*** Material shown Section Begins ***

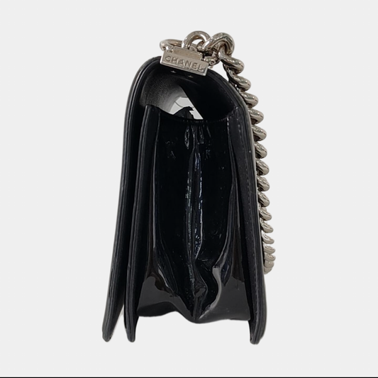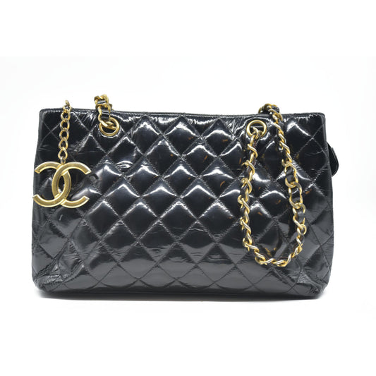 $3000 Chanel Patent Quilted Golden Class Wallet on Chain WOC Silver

*** Material shown Section Ends ***
*** Material shown Section Begins ***

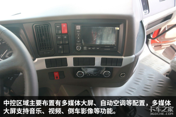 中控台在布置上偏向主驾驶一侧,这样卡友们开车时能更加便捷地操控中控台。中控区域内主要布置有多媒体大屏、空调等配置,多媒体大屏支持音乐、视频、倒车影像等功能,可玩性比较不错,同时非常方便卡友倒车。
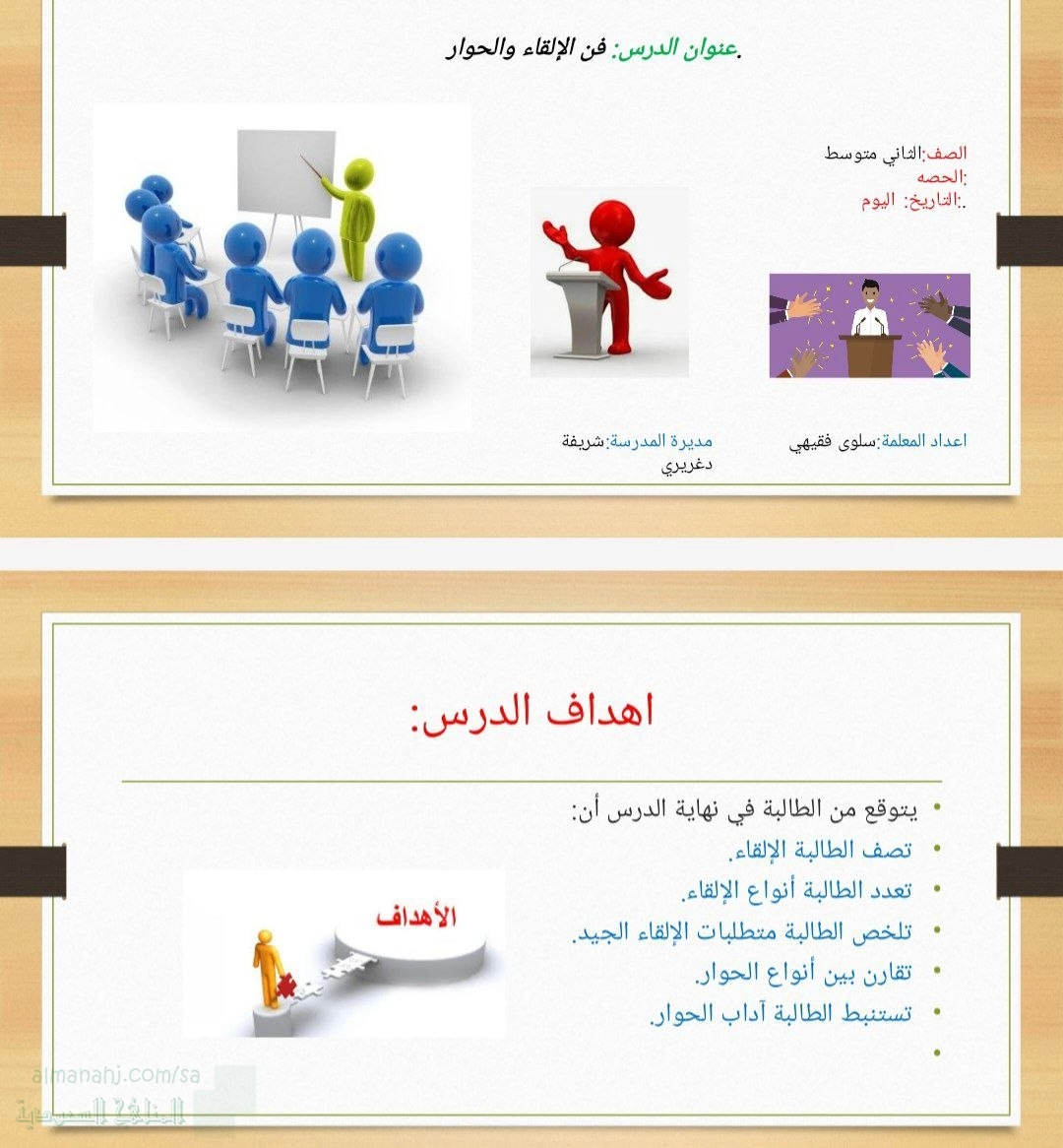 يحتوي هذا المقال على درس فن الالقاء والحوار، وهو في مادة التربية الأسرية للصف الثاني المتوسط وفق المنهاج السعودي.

*** Material shown Section Ends ***

### [What to work on]
Although pictures appear among the records above, none are to be output; print exactly the lines from the line containing "中控台在布置上偏向主驾驶一侧" through the line containing "يحتوي هذا المقال".

### [Exercise output]
 中控台在布置上偏向主驾驶一侧,这样卡友们开车时能更加便捷地操控中控台。中控区域内主要布置有多媒体大屏、空调等配置,多媒体大屏支持音乐、视频、倒车影像等功能,可玩性比较不错,同时非常方便卡友倒车。
 يحتوي هذا المقال على درس فن الالقاء والحوار، وهو في مادة التربية الأسرية للصف الثاني المتوسط وفق المنهاج السعودي.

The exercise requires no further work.